Homophily is a powerful force of social interaction, yet it remains relatively overlooked in archaeology. As demonstrated by an extensive modelling and sociological tradition, for all its apparent simplicity, homophily is a highly variable process, shaped by a multiplicity of factors, in particular spatial and population structure. In order to explore this variability, and its potential implications for archaeology, we developed six toy models within the framework of the well-established CDM. Whilst this original model is based on simple rules and a continuous abstract space, the common thread of our diverse toy models is the creation of spatial and/or temporal discontinuities within the CDM. Furthermore, apart from the wave toy model, we did not amend the homophilic interaction process that underlies its functioning.

It is worth reminding, as many have done before us (e.g. Gerbault et al. 2014; Romanowska 2015), that models are not depictions of reality, but formal thought experiments designed to test and explore specific research questions, a position explicitly acknowledged by our focus on toy models. At the risk of repeating methodological clichés, simplicity in modelling is paramount for—at least—two reasons. Firstly, the sequential addition of single modifications allows for the precise evaluation of their effects and building basic knowledge required for understanding their interplay with further factors. Secondly, simple models allow preventing them from becoming ‘black boxes’, giving the impression that their functioning is difficult or impossible to assess, a perception detrimental to the use, understanding and dissemination of this approach, especially for outsiders (Cegielski and Rogers 2016).

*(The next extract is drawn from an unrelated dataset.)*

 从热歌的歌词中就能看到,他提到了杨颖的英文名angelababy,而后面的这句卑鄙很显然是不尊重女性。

Such ‘simplicity by design’ is reflected by the structure of our individual toy models, each linked to a specific variant to the CDM. The relevance of such parsimonious approach is best exemplified by the ‘new feature’ model which, as such, does not provide a lot of information but constitutes a robust baseline for further experiments. All toy models otherwise highlight the ability of homophily in generating a range of patterns in the spatial distribution of neutral, uncorrelated features and traits. Whilst the wave toy model shows the role of demic expansion in shaping cultural diversity, both mountains and coastlines demonstrate how simple landscape features inform cultural distribution. It must be stressed that, in all cases, such patterns arise independently of any adaptive value attached to any trait, a point also echoed in our discussion of the ‘innovation as new trait’ model.

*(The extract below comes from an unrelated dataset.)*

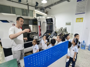 踏入无人机研究院的总装厂房,南航自主研发的长空、飞鹰、鸿雁系列无人机便牢牢吸引住孩子们的目光。孩子们一边聆听讲解员讲述南航无人机从无到有的艰辛探索历程,一边惊叹于不同机型的独特性能与广泛用途。当听到科研人员为攻克技术难题日夜奋战的故事时,孩子们的眼神中满是崇敬。接着,孩子们依次参观复材车间、钣金车间和机加车间。最后孩子们参观了“中小型无人机工信部重点实验室”,看到陈列的精密仪器时,孩子们心生敬仰,小声讨论着长大后也要成为像他们一样厉害的人。

These toy models present archaeological potential because they contribute to theory building by offering possible alternative hypotheses to account for known archaeological situations, and because they all raise questions regarding the ways we interpret the variability of the archaeological record. There is a long-standing tradition in the discipline to reduce this variability to measures of similarity and corresponding spatial and temporal patterns, as epitomised by concept of archaeological cultures. Our results suggest that there is as much, if not more, information to be gained in frequency (i.e. number of times agents change traits) and diversity (i.e. variation in the cultural repertoire). In this perspective, an avenue worth exploring lies in the development of measures appropriate for both simulation and real-life data, although complications are likely to arise because of the different resolutions of such datasets (i.e. controlled simulation data vs. biased archaeological data; see, from a CDM perspective, Kovačević et al. 2015).

There is no doubt that the archaeological variability cannot be reduced to the joint effects of homophily and various spatial parameters. Yet, a simple, incremental method as advocated here is a more productive long-term strategy than a priori assumptions of complexity and holism separated from any formal analyses. In this perspective, focusing on homophily, or any other factor for that matter, should be seen as an addition to an already large array of interpretations, as well as an invitation to consider time and again new ways to conceptualise and describe archaeological variability.